Data section ▸
[Start of section]
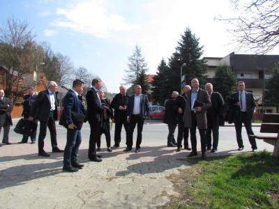 Kolejnym punktem spotkania był objazd terenów objętych planowanymi pracami projektowymi. Wizyta w terenie była swoistym zderzeniem planów oraz wizji z rzeczywistością… Nikt nie miał wątpliwości... Otoczenie Jeziora Rożnowskiego potrzebują dużych nakładów inwestycyjnych! Te inwestycje już są realizowane przez podmioty prywatne dlatego spotkanie zakończyła wizyta w „Słonecznym Gródku” oraz w budowanym przez Pana Andrzeja Wiśniowskiego hotelu w Siennej. Wizyta w tych miejscach miała przekonać przedstawicieli MARR S.A., który jako realizator projektu ma zapewnić również niezbędny finansowy wkład własny, że warto zainwestować w Jezioro Rożnowskie…
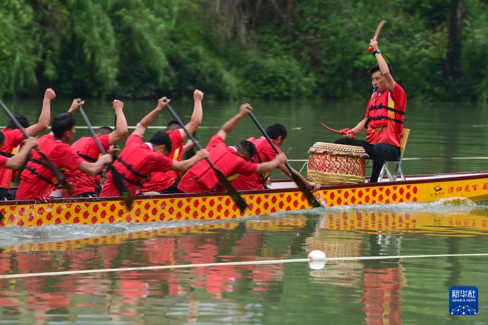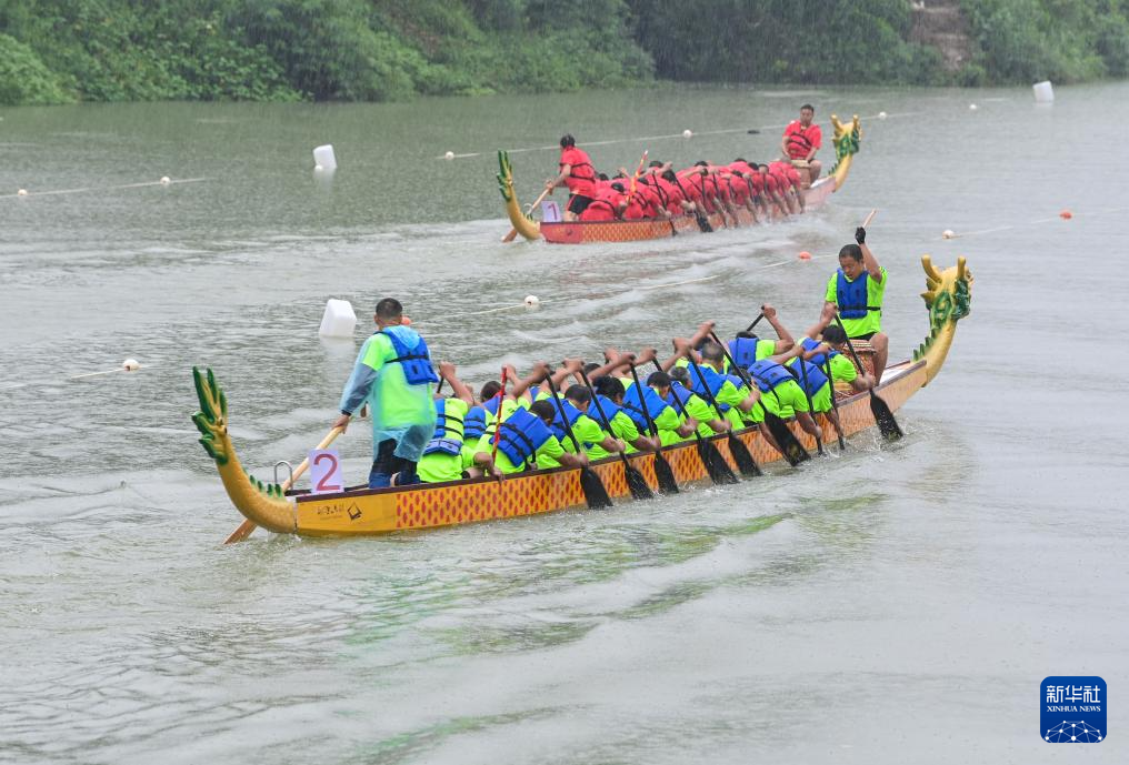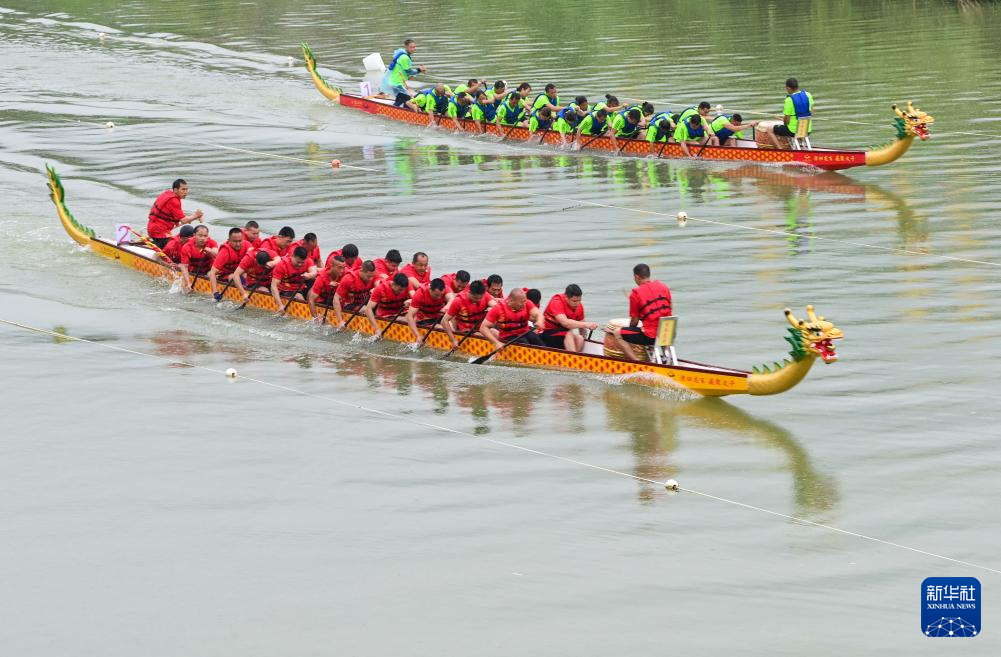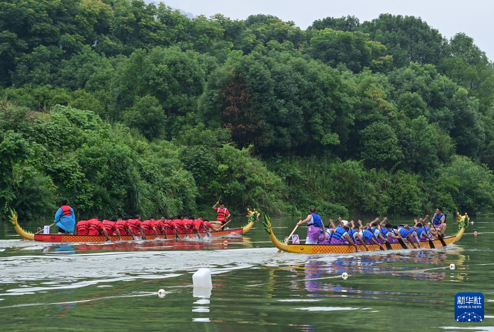 5月29日,在酉陽縣龍潭鎮,龍舟隊在水面角逐。
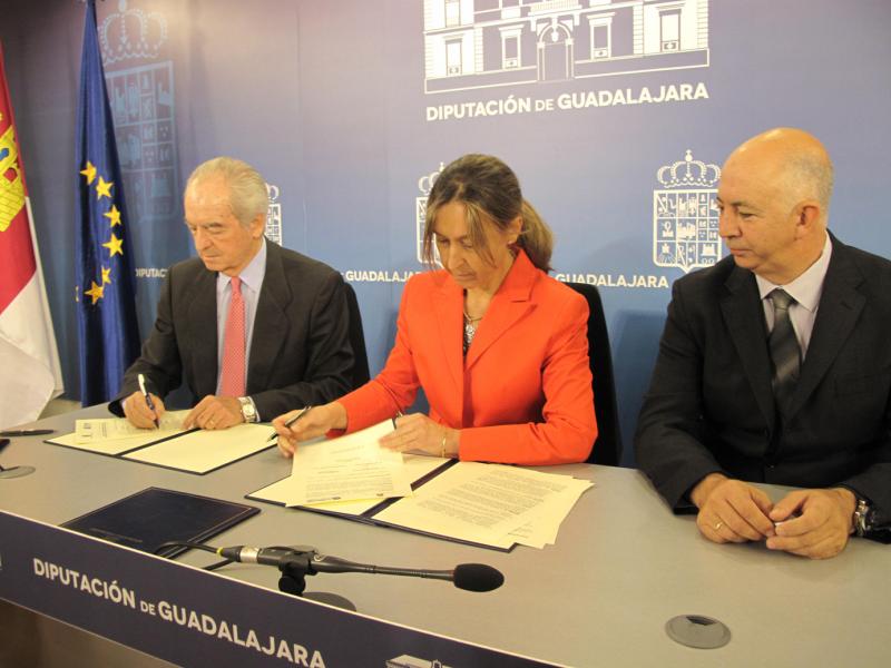 La presidenta de la Diputación, Ana Guarinos, ha firmado un convenio de colaboración con el presidente de la patronal alcarreña, Agustín de Grandes, para distintas acciones de promoción del tejido empresarial de la provincia
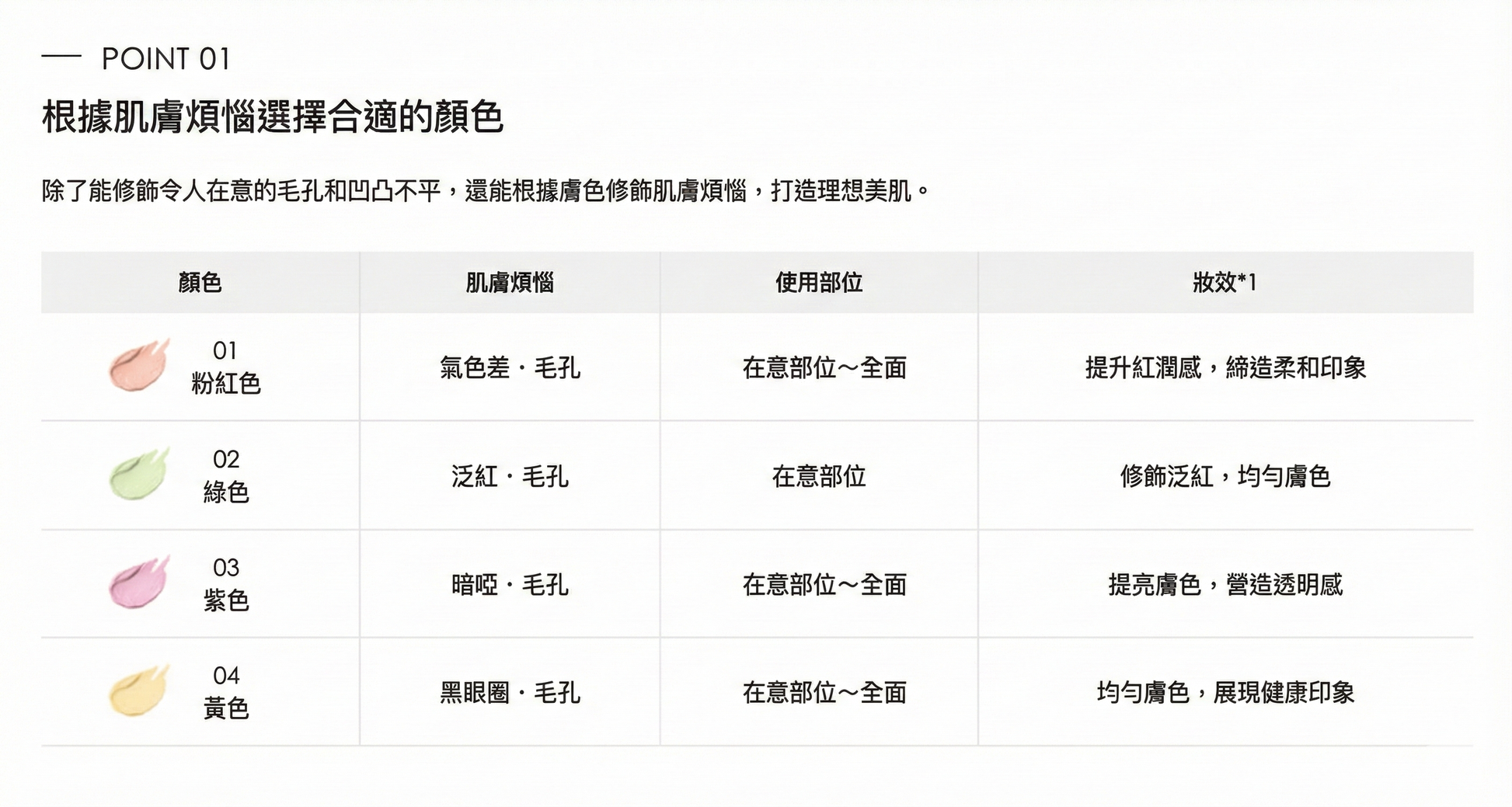 - 輕薄貼服遮瑕,毛孔與細紋修飾自然。
[End of section]
Requirement ▸ Copy out the data exactly and keep the pictures out.

Output for this exercise ▸
 Kolejnym punktem spotkania był objazd terenów objętych planowanymi pracami projektowymi. Wizyta w terenie była swoistym zderzeniem planów oraz wizji z rzeczywistością… Nikt nie miał wątpliwości... Otoczenie Jeziora Rożnowskiego potrzebują dużych nakładów inwestycyjnych! Te inwestycje już są realizowane przez podmioty prywatne dlatego spotkanie zakończyła wizyta w „Słonecznym Gródku” oraz w budowanym przez Pana Andrzeja Wiśniowskiego hotelu w Siennej. Wizyta w tych miejscach miała przekonać przedstawicieli MARR S.A., który jako realizator projektu ma zapewnić również niezbędny finansowy wkład własny, że warto zainwestować w Jezioro Rożnowskie…
 5月29日,在酉陽縣龍潭鎮,龍舟隊在水面角逐。
 La presidenta de la Diputación, Ana Guarinos, ha firmado un convenio de colaboración con el presidente de la patronal alcarreña, Agustín de Grandes, para distintas acciones de promoción del tejido empresarial de la provincia
 - 輕薄貼服遮瑕,毛孔與細紋修飾自然。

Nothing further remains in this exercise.